An island of mostly mountains, Taiwan in the 1950s had three diverse people groups: those who fled China to escape communism, native mountain people living in villages, and original inhabitants occupied by Japan from 1937-1941. Buddhism, a shame- and fear-based religion of ancestor worship caused its followers to live in constant fear of everything. Very few had ever heard of Jesus.
Jack and LaTrell felt a heavy burden for the people of Taiwan. He said, “Seeing these people in their lost condition, my heart goes out to them. You can see them with a small cart of big logs, straining every muscle, with the load of sin which only Christ can lift. Where is the future of these people except in our Savior? Unprepared for this task, I feel inadequate and helpless, but there is consolation in the Lord who can do all things when human strength fails.”
Teaching English using the Bible as their “textbook” was an effective ministry tool that both the Batemans used. Some of their early ministries included Vacation Bible Schools, youth group meetings, children’s church, and a young singles class. Jack was asked to teach at the Political College, a research university in Taipei, that allowed him to reach students with the gospel.
Another effective initiative was English Camp. The Chinese were (and still are) very dedicated to education, so the Batemans allowed young people to study in the church basement for their very rigorous exams. Later, Jack began a summer camp with conversational English and Bible seminars that helped with students’ difficult exams.
These intentional efforts, and others such as women’s auxiliary meetings, summer revivals, and Saturday night youth fellowships, helped begin a mission church in their home in 1954, twenty-two months after their arrival in Taiwan.
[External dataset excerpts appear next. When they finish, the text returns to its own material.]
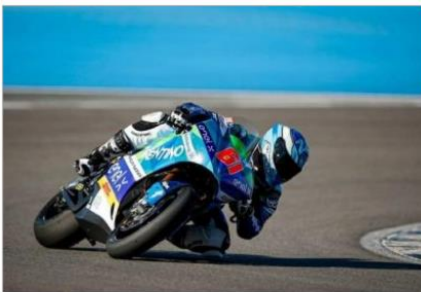
Zaccone a bordo del mezzo elettrico sul tracciato di Misano
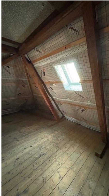
DG mit saniertem Dach
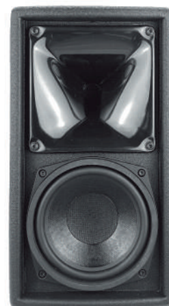
Une fois la grille retirée, le large pavillon PS utilisé avec le haut-parleur d'aigus est visible sur la photo ci-dessus.

La réponse en phase de l'enceinte ePS6 est la réponse signature de NEXO, permettant une compatibilité avec toutes les autres enceintes NEXO (sauf les configurations de retour de scène dont la latence est réduite).
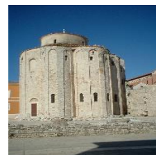
ZADAR – BISERICA SF. DONAT
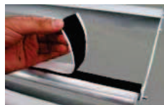
Système velcro pour un changement de visuel facilité
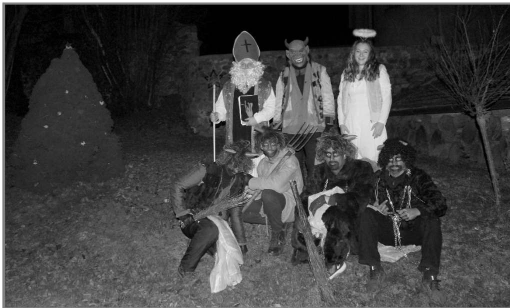
Maršovická Mikulášská obchůzka
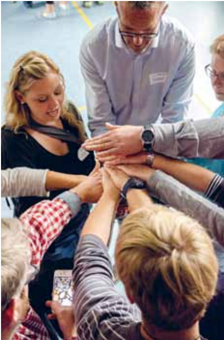
God læring og undervisning forudsætter veluddannede pædagoger og lærere.

Vi glæder os til at komme i gang med at realisere de nye muligheder og håber, at ordningen kan være med til at styrke undervisningsdifferentieringen og inklusionen af elever med særlige behov.
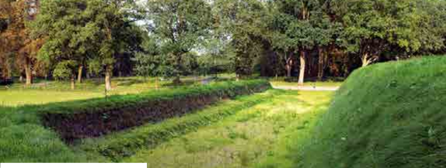
De Ommerschans tussen Ommen en Balkbrug
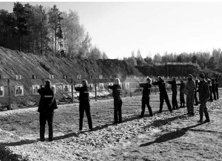
Сдача нормативов по стрельбе на новом стрелковом полигоне.
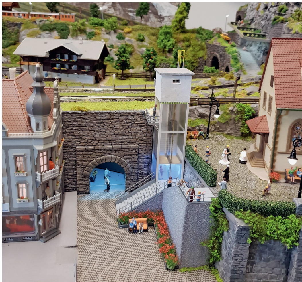
Am anderen Ende der Stadthauszeile befindet sich der Tunnel nach «Nirgendwo». Wohin er führt? Wir wissen es nicht ...
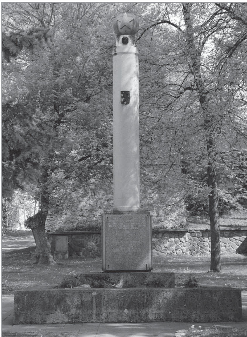
Obr. 2. Pomník padlým rudoarmejcům u kostela sv. Vavřince.

Hlučtí obyvatelé se také pietně postarali o své padlé osvoboditele. Na území Hluku zemřelo 28 sovětských vojáků – v budově měš-
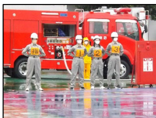
【屋内消火栓操法Ⅰの部：女性】 栄区役所自衛消防隊（女性）
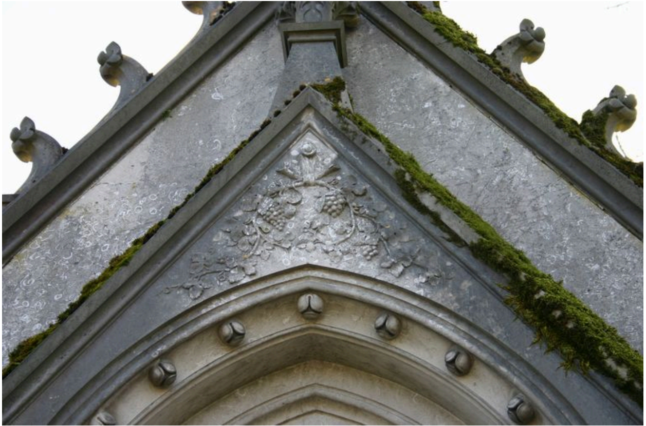
Détail du décor supérieur sculpté : feuilles de vigne et grappes de raisin.
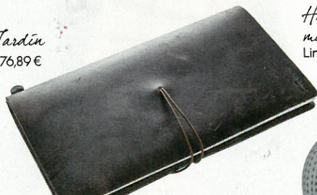
Leren cover om maximaal 12 notaboekjes in op te bergen, Midori, bij Stad Leest, 44,90 €
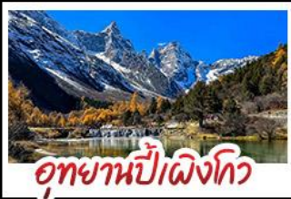
อุทยานป่าเผิงโกว

อุทยานสี่ดรุณี - อุทยานป่าเผิงโกว - อุทยานจิวจ้ายโกว รถไฟความเร็วสูง - EASTERN SUBURB MEMORY ถนนโบราณความจำย - วัดต้าฉือ ช้อปปิ้งย่านคัง ถนนไท่กู่หลี่ + ถนนซุนซีลู่
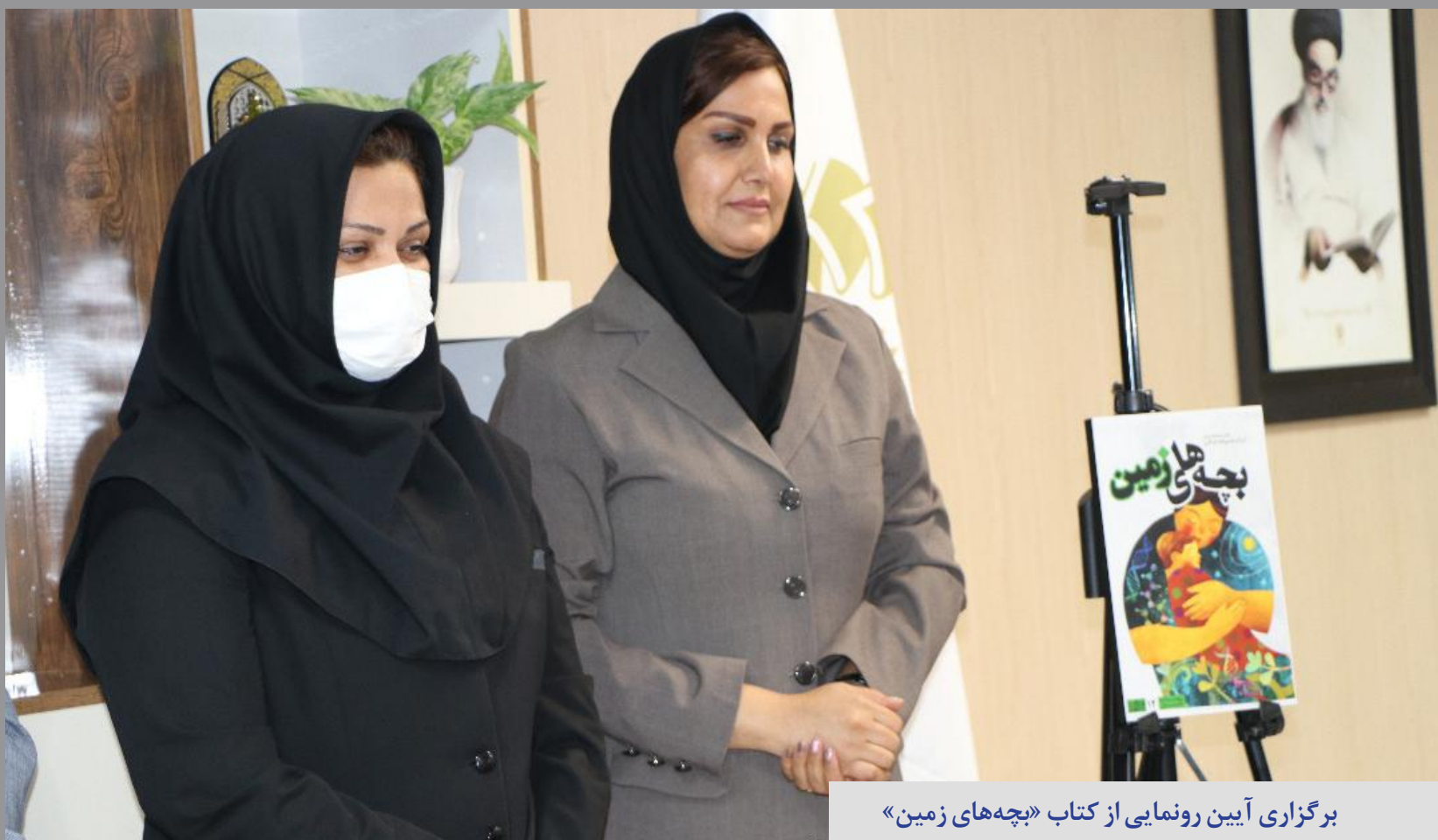
برگزاری آیین رونمایی از کتاب «بچه های زمین»
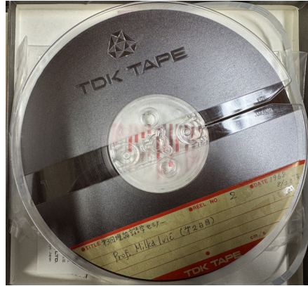
東京言語研究所から貸与された 講義録音のテープ

への言及はなかった。したがって、1972年のイビッチ論文でのペーリッチ論は、あとから付け加えられたものであることが確認された。既に論文集のゲラ作成が進んでいたため、もはや拙稿は訂正のしようもなかったが、思いもよらぬ形で事実が明るみになった。私が的を外してしまったのは否めないが、だからと言って残念な気持ちもあまり生まれえない。今回の研究成果は言語学史に劇的な発見や新展開をもたらしたわけではないものの、可能な限りの力を結集して、また想像し得ない幸運にも恵まれ、偉大な恩人の知られざる足跡を研究史に位置付け、忘却の危機から救い出したことを誇りに思っている。拙稿の学術的評価は、言語学史に取り組む研究者に委ねたいと考える。
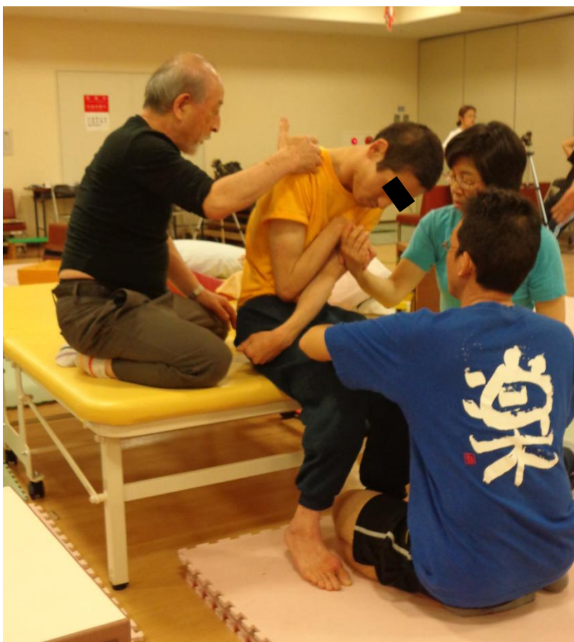
図 5 : 治療実習
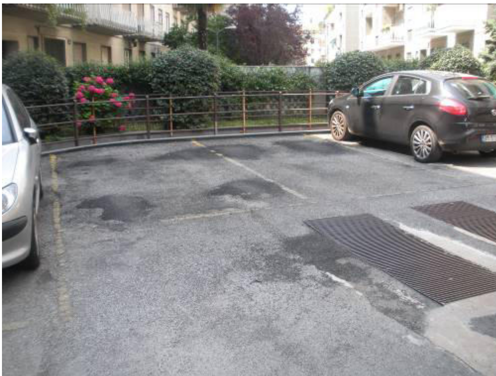
Fotografia 39 – Posti auto 36-37 (subalterni 23 e 24)
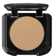
無瑕美肌兩用粉餅

獨特的掃頭形狀讓你輕鬆沿顴骨、髮線和下巴掃上產品。輕輕按壓則可提升碎粉和粉餅的遮瑕度。
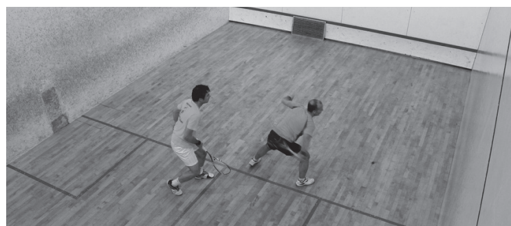
Asteleheneretik ostiralera jokatzeko partiduak, Udako Kiroldegian.

Kontsolazio faseko koadroa ere osatuta dago: zortzi
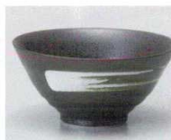
44833-469 黒斑点白刷毛平成茶碗 480円 120入 (11.9×6cm)
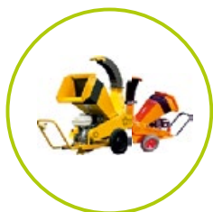
ŠTIEPKOVAČE A DRVIČE
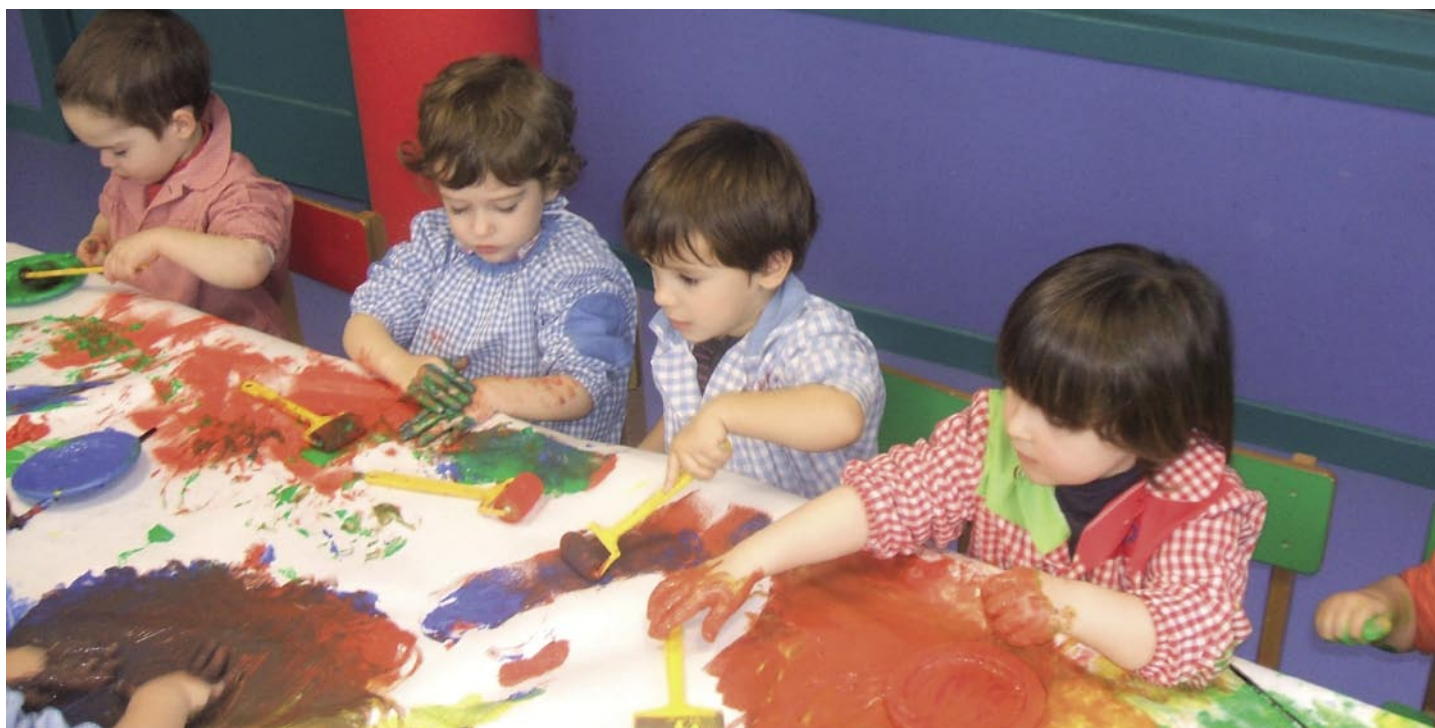
Alumnado de 2 años trabajando con colores

D urante este curso, y como excepción, se ha llevado a cabo un programa por parte de una ex-alumna de nuestro centro, y de manera voluntaria, consistente en acompañar una hora al día al alumnado que no goza de un entorno físico ni estímulos adecuados, poniendo los medios para hacer frente a su retraso escolar o prevenirlo.
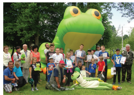
Laureaci Zawodów Wędkarskich.

Ponadto, po raz trzeci w trakcie trwania zabawy rozdano nagrody w konkursie plastycz-
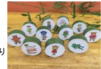
竹の おきあがり こぼし→
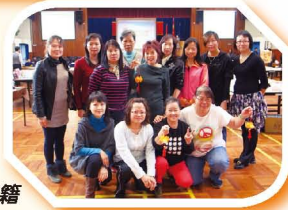
家長到場選購書籍
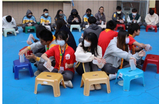
課程或活動/會議名稱：舞蹈 日期/地點：113 /6/14 愛河旁

Attendance, or the lack of it, was always an issue, but their little church slowly outgrew the Bateman home.
In 1956 the Shin Sheng Gospel Baptist Church was established, but Jack believed that “a church is not mature until it starts a new mission.” So he immediately discipled new converts, teaching them about baptism then church ministry and leadership to equip new leaders and ministry workers. In the following decades, other missionary families established work in Taiwan, an answer to prayer for the Batemans who had prayed for others to join them in reaching the people group for whom they felt such a burden.
As the Taiwan work grew and new missionaries joined the Batemans in and around Taiwan, other churches were planted, like the Nan Chi Chang, Da Jur, Yung Shing, Hsin Seng, and Chun Luan churches, which are still thriving. Perhaps Jack’s greatest legacy was his role in the multiplication of churches all over the globe. As young Taiwanese who had been discipled left their homeland, mission churches were established and the gospel was shared.The Batemans left the field in 1990 and retired to Arlington, Texas, 37 years after arriving in Taiwan. But retirement did not mean an end to ministry. They began serving in a Chinese church in Arlington, Texas, until Spring Creek Baptist Church in Plano began a Chinese ministry in their building and the Batemans served the congregation. LaTrell died in 2015, and Jack in 2021, but their legacy lives on. Their letters to the Gleaner always mentioned the desperate need for more ministry workers to lead Taiwanese out of the darkness of Buddhism.